What is required:
Begin with the line below holding "Amadi is one" and go on through the line holding "9月9日,參加演習的相關人員", duplicating each line exactly and leaving out pictures.

Records to use:
----
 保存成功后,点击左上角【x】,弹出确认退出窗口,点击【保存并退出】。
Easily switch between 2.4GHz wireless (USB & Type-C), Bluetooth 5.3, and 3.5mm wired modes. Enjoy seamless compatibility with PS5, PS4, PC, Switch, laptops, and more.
----
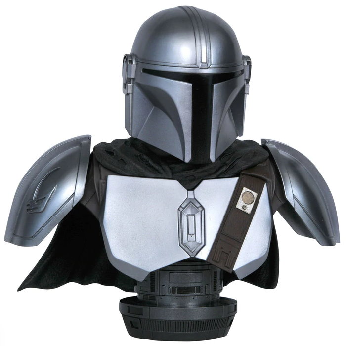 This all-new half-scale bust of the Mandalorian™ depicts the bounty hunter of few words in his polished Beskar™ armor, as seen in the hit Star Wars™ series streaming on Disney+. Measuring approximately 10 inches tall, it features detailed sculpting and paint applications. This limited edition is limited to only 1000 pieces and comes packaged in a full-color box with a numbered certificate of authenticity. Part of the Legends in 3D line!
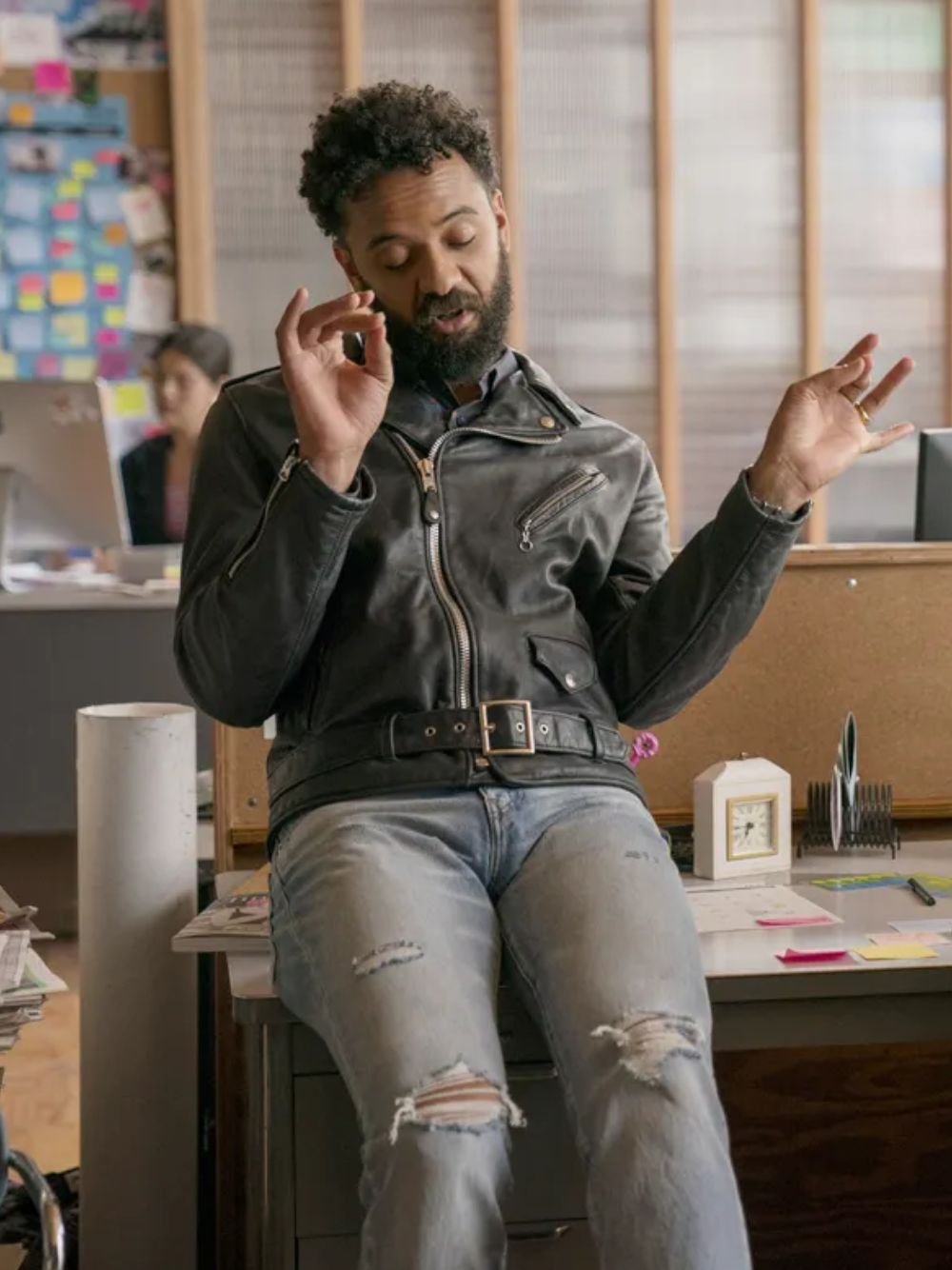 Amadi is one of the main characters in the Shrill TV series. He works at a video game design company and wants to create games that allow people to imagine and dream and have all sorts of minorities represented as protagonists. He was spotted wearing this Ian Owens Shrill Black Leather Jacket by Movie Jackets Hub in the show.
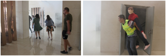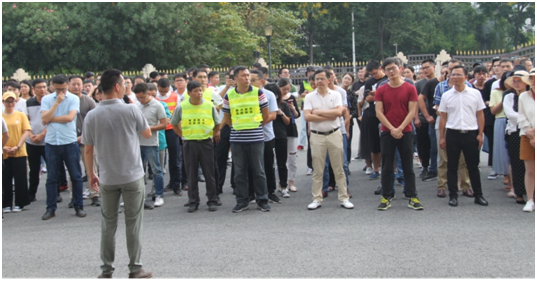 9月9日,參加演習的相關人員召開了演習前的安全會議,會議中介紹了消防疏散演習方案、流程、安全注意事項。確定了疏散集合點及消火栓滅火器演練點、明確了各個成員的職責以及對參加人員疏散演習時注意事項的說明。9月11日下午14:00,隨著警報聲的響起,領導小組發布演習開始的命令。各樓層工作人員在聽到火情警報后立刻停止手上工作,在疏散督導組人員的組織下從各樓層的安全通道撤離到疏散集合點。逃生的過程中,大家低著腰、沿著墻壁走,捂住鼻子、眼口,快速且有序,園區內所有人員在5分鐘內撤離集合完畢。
----
Answer:
 Amadi is one of the main characters in the Shrill TV series. He works at a video game design company and wants to create games that allow people to imagine and dream and have all sorts of minorities represented as protagonists. He was spotted wearing this Ian Owens Shrill Black Leather Jacket by Movie Jackets Hub in the show.
 9月9日,參加演習的相關人員召開了演習前的安全會議,會議中介紹了消防疏散演習方案、流程、安全注意事項。確定了疏散集合點及消火栓滅火器演練點、明確了各個成員的職責以及對參加人員疏散演習時注意事項的說明。9月11日下午14:00,隨著警報聲的響起,領導小組發布演習開始的命令。各樓層工作人員在聽到火情警報后立刻停止手上工作,在疏散督導組人員的組織下從各樓層的安全通道撤離到疏散集合點。逃生的過程中,大家低著腰、沿著墻壁走,捂住鼻子、眼口,快速且有序,園區內所有人員在5分鐘內撤離集合完畢。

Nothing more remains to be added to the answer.